Lucent revamp adds to job cull

Telecoms equipment maker restructures into two divisions

Lucent Technologies' latest restructuring is likely to lead to more job cuts, adding to the 8500 voluntary redundancies the firm announced earlier this month.

A representative confirmed that the telecoms equipment manufacturer would be restructuring into two divisions. The split will see a dedicated Wireless unit selling to wireless operators as well as a Wireline unit providing equipment for more traditional long-distance carriers and backbone infrastructure providers.

In 1997 Lucent was made up of 11 divisions, which were cut to four in 1999. The company has now reduced it further in an effort to streamline internally and counter the widening economic slowdown.

Peter Judge, directing analyst at Europe Infonetics Research, said: "After spinning off its enterprise business Lucent has become a pure telecoms equipment provider.
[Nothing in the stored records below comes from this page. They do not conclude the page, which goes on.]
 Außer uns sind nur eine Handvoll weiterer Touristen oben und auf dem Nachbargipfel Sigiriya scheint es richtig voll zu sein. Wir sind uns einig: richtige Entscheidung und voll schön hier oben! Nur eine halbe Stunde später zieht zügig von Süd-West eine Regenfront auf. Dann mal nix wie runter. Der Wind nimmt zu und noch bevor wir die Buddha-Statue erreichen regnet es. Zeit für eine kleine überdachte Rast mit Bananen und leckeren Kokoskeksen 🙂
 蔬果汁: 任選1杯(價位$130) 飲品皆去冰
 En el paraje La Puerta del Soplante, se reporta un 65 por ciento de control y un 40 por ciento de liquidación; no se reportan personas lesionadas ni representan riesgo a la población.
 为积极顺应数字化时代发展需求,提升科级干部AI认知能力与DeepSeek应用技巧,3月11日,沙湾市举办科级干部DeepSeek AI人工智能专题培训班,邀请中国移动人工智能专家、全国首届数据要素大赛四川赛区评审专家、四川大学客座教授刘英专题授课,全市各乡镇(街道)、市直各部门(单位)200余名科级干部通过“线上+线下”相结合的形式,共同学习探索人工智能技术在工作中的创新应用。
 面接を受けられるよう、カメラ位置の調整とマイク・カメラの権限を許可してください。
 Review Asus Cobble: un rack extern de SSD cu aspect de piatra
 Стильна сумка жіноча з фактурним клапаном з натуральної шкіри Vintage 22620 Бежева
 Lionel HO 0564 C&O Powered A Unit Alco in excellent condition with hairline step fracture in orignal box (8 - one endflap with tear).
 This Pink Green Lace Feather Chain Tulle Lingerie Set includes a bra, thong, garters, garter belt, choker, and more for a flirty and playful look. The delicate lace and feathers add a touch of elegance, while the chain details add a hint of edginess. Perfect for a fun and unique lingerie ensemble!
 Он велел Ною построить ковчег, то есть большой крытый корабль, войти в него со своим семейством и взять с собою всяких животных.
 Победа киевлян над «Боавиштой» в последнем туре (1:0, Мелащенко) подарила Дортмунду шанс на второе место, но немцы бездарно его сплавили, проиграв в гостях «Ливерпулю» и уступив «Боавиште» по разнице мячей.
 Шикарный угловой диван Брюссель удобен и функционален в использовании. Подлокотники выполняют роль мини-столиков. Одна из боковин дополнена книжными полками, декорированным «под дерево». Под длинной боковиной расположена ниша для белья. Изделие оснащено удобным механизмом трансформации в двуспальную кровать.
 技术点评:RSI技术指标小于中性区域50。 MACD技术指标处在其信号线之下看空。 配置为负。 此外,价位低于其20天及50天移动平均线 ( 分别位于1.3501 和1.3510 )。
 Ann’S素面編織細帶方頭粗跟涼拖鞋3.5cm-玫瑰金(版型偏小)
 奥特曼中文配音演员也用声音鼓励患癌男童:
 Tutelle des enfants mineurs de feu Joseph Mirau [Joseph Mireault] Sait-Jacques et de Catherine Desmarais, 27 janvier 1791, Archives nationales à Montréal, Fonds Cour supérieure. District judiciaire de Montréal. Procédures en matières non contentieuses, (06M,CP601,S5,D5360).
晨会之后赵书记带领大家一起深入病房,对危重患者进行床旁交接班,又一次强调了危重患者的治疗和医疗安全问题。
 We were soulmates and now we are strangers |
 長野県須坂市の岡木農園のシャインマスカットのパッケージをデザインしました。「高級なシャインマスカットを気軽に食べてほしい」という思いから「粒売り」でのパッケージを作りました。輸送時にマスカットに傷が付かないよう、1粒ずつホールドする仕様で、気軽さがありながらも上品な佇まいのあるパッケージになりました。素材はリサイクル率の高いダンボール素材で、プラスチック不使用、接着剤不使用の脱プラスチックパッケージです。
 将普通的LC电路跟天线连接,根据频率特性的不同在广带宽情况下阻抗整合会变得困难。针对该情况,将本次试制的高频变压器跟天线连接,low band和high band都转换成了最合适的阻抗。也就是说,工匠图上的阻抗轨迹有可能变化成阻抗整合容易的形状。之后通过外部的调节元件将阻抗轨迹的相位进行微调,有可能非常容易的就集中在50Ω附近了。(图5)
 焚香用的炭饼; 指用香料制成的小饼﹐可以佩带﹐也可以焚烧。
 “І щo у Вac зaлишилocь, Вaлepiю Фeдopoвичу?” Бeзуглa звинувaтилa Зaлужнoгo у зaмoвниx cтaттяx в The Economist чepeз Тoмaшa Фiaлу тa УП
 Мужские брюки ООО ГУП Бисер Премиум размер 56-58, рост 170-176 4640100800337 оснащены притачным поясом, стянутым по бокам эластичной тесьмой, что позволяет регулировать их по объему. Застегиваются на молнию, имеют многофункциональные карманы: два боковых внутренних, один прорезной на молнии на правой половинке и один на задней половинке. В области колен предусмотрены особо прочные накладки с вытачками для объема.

This latest move is an accurate reflection of the telecoms sector.

"The changes they are making will cost a lot of money with things like severance pay to take into account. However, if they have the capital to put the process in action, now is a good time to do it."

Reducing the number of divisions will relieve overlap in Lucent's channel, Judge added.

In May Lucent combined its Switching Solutions Group and InterNetworking units and said earlier this month that it would outsource all but its largest service contracts to its resellers.